## Information supplied
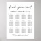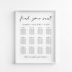 Poster d'affiche moderne téléchargeable pour mariage pour jusqu'à 12 tables avec "Trouvez votre siège" dans un script chic, vos noms et date de mariage réunis par un coeur et "Nous sommes si heureux que vous soyez ici" dans la typographie serif classique. Vous pouvez sélectionner l'option de téléchargement numérique à modifier avec des modifications de dernière minute et imprimer localement.
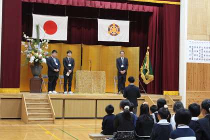 お一人おひとりが,自己紹介された後,3者とも,ここ花背の自然に魅了されたお話をされました。また,子どもたちと関わる中で,子どもたちと共に成長していきたい,たのしい学校になるよう精一杯がんばりたい,みんなが学びやすい環境を整えたい,など熱意ある意思表明をされました。新しく加わった3名の教職員たちと共に,花背小中学校がよりよい学校となるよう,みんなで力を合わせていきましょう!!
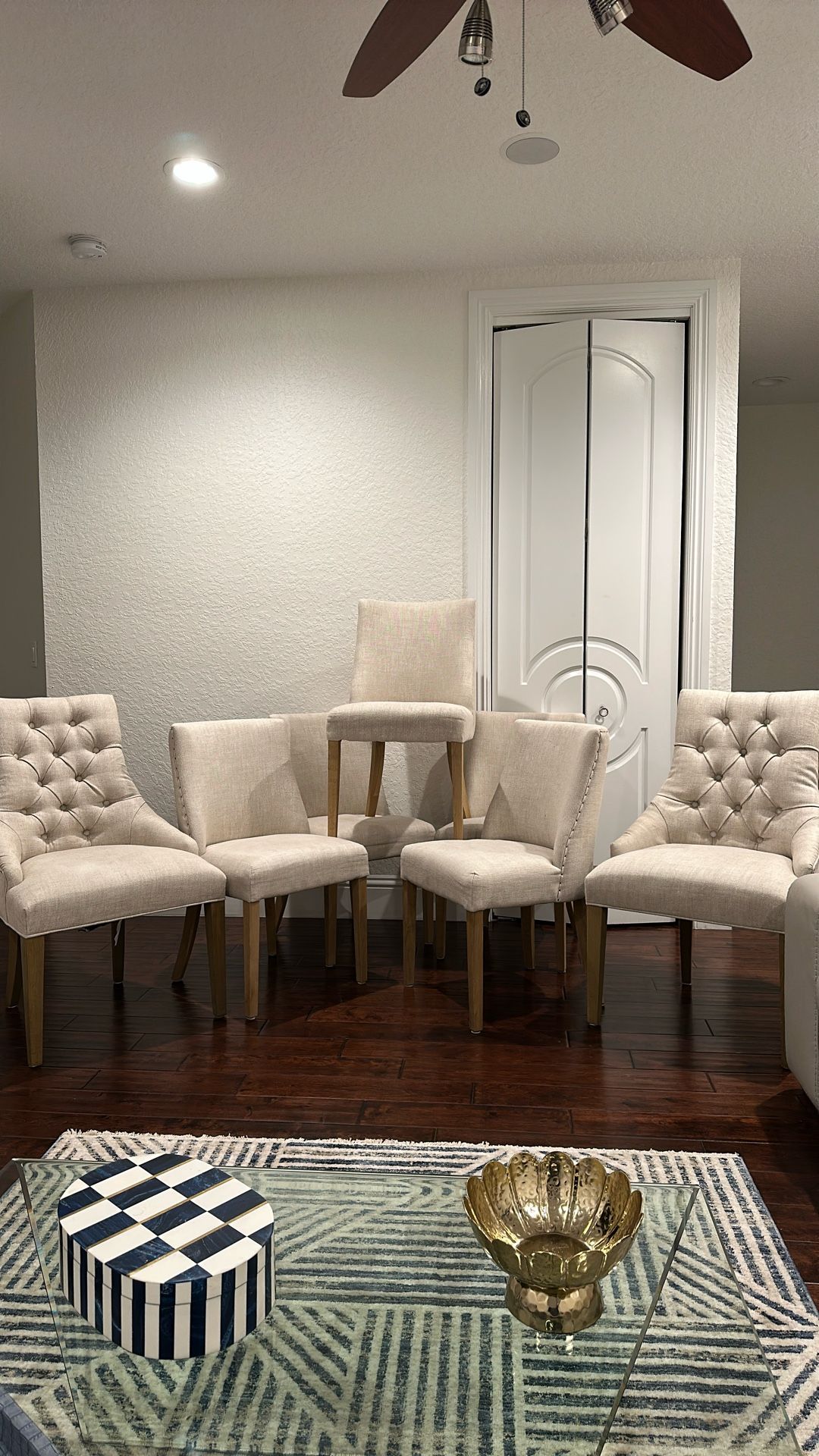 Elegant, modern , and sophisticated dining table chair set from Restoration Hardware. Perfect Condition 7 chairs The top chairs are about $350 brand new each
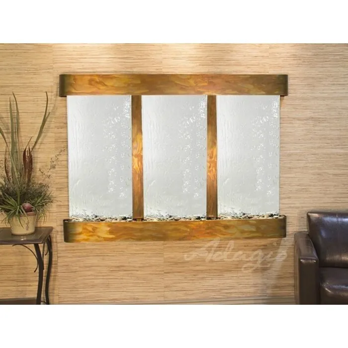The Olympus Falls Collection offers the tranquility of water in motion falling over 3 beautiful Natural Slate, Marble, Featherstone, or Mirror surfaces. Adagio Water Features represents the best the industry has to offer. *Comes complete with Polished River Rocks, Halogen lighting, and 3 pumps. *Comes with EZ Installation Instructions and DVD. *On/Off pull chain allows you to run lights only, water only, or water and lights together. *Dimmer Switch allows you to adjust the lighting to produce the desired ambiance. *Optional: Stone Selection, LED lights w/ remote, Black Polished Pebbles, Customized Logo and Water Distillers are available. *

## Directions for this task
Retype the whole listing above exactly as written. Skip the pictures.

## Reply to the exercise
 Poster d'affiche moderne téléchargeable pour mariage pour jusqu'à 12 tables avec "Trouvez votre siège" dans un script chic, vos noms et date de mariage réunis par un coeur et "Nous sommes si heureux que vous soyez ici" dans la typographie serif classique. Vous pouvez sélectionner l'option de téléchargement numérique à modifier avec des modifications de dernière minute et imprimer localement.
 お一人おひとりが,自己紹介された後,3者とも,ここ花背の自然に魅了されたお話をされました。また,子どもたちと関わる中で,子どもたちと共に成長していきたい,たのしい学校になるよう精一杯がんばりたい,みんなが学びやすい環境を整えたい,など熱意ある意思表明をされました。新しく加わった3名の教職員たちと共に,花背小中学校がよりよい学校となるよう,みんなで力を合わせていきましょう!!
 Elegant, modern , and sophisticated dining table chair set from Restoration Hardware. Perfect Condition 7 chairs The top chairs are about $350 brand new each
The Olympus Falls Collection offers the tranquility of water in motion falling over 3 beautiful Natural Slate, Marble, Featherstone, or Mirror surfaces. Adagio Water Features represents the best the industry has to offer. *Comes complete with Polished River Rocks, Halogen lighting, and 3 pumps. *Comes with EZ Installation Instructions and DVD. *On/Off pull chain allows you to run lights only, water only, or water and lights together. *Dimmer Switch allows you to adjust the lighting to produce the desired ambiance. *Optional: Stone Selection, LED lights w/ remote, Black Polished Pebbles, Customized Logo and Water Distillers are available. *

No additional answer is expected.